Дальше, пока Бабаев минировал обе легковые машины, там двое бойцов ему помогали, мы с Ватутиным и вторым бойцом писали листовки и воззвания к правительству Германии. Что-то оставят на месте пулемётных точек бойцы, что-то раскидаем по улицам, когда будут отходить. Кстати, нас они дожидаться не должны. Покинут город, пользуясь общей суматохой и тем, что на улицах бесчинствует советский танк. Местом встречи я назначил ту рощу, где мы оставили десять ящиков с минами. Как сами будем выбираться из города, это будут наши проблемы. Главное, чтобы пулеметчики смогли без потерь эвакуироваться и дождаться нас.
Когда подошло время операции, мы успели понаписать немало листовок и воззваний, хотя всё и от руки делали.

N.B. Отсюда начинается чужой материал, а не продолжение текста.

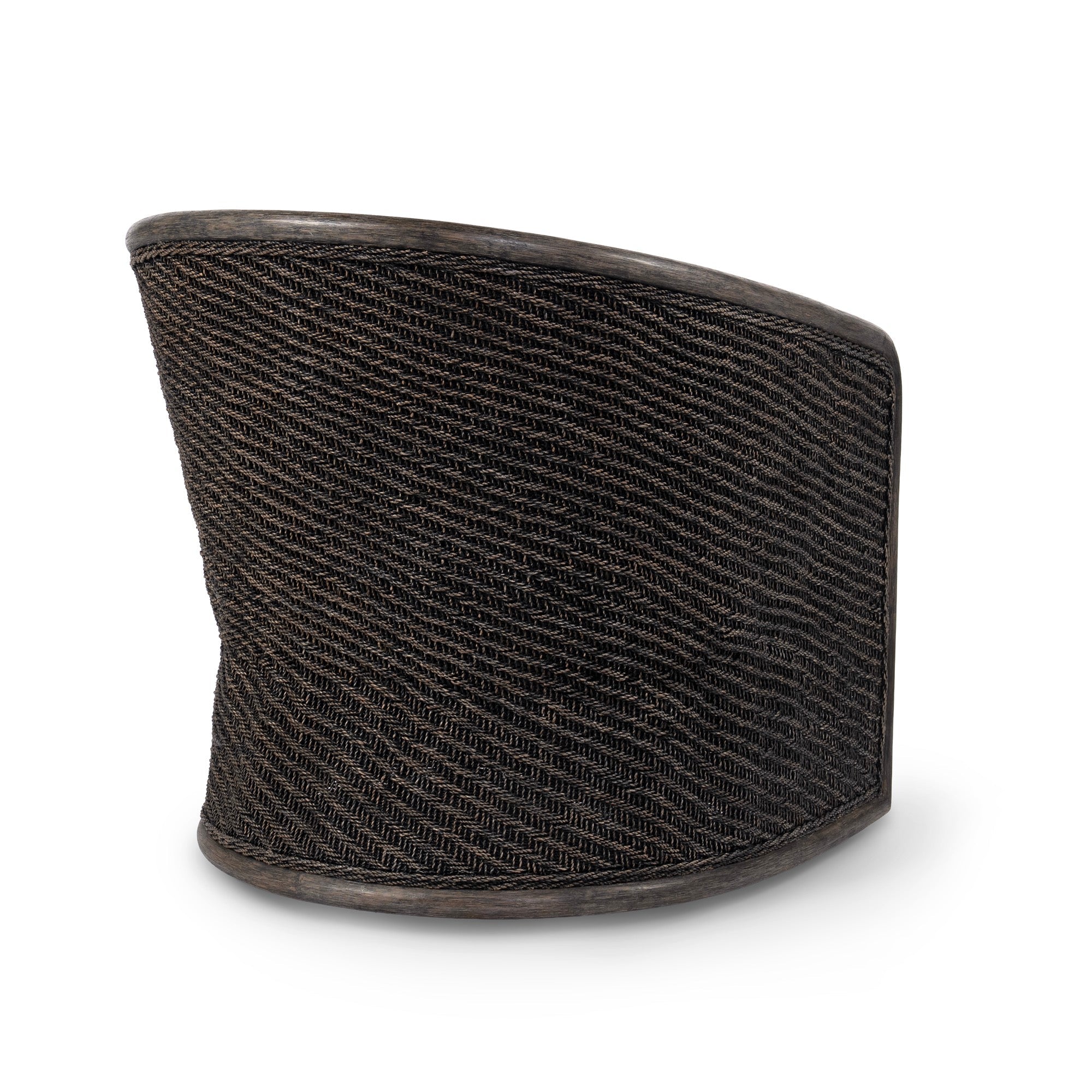 DescriptionLampakanay rope hand-twisted and braided over a hardwood frame in a unique diagonal pattern creating dimensional layers on the outside back, arms, and front apron, accented with distressed rattan trim all in a mocha brown finish. Chair features a 360 degree swivel mechanism with a fully upholstered inside back and a fixed upholstered seat.

К сожалению, в доме инженера печатной машинки не было. С ошибками, конечно, писали, да и часть листовок были на русском языке. Не особо скрываясь, в листовках сообщали, что группа майора Корнева решила ответить на агрессию Гитлера, на попытку убийства Сталина, и провела ответную акцию. Ну, и всё такое. То есть что это частная инициатива группы бойцов и командиров. Наверняка ведь будут выть о невинно убиенных пятьсот миллионов детей и женщин на параде, так что государство наше обвинить будет в этой акции очень сложно.
Собравшись, мы покинули эту усадьбу. Уже навсегда. Уехали на четырех машинах, лишь за гаражом остался стоять штабель пустых ящиков от мин. Ну, и пара от советских винтовочных и пулемётных патронов, мы лишь цинки забрали. Хозяев дома и прислугу оставили в живых, даже обращались нормально, кормили и водили в туалет, ну а гестаповцев прирезали. Уж этих оставлять в живых ни в коем случае нельзя. Дальше доехали до места проведения парада, обе легковушки были перегружены, и было такое, что цепляли днищем выступы дороги, однако ничего, добрались. Дальше, показав, где ставить грузовики и где легковушки, я приметил, как невысокий мужичок, в униформе гестаповца, интересуется нашими машинами. Тот и вякнуть не успел, как его втянули в машину, а документы и жетон остались мне. Точнее, я взял себе одного из командировочных из Мюнхена, а этот ушёл Ватутину. Потом я угнал развозной фургончик, в который и перебрались мои бойцы и летуны, так сказать экипаж, четыре человека в закрытый фургон и один со мной в кабину. Он в немецкой военной форме был. Цинки с патронами также были в кузове, не забыли и прихватить максимальное количество гранат, они тоже использоваться будут. В том числе и пулемётчиками. Их вторые номера, пока первые будут вести огонь, станут выбрасывать в окна гранаты одну за другой, так что панику они должны навести серьёзную, а уж мы поддержим и усилим.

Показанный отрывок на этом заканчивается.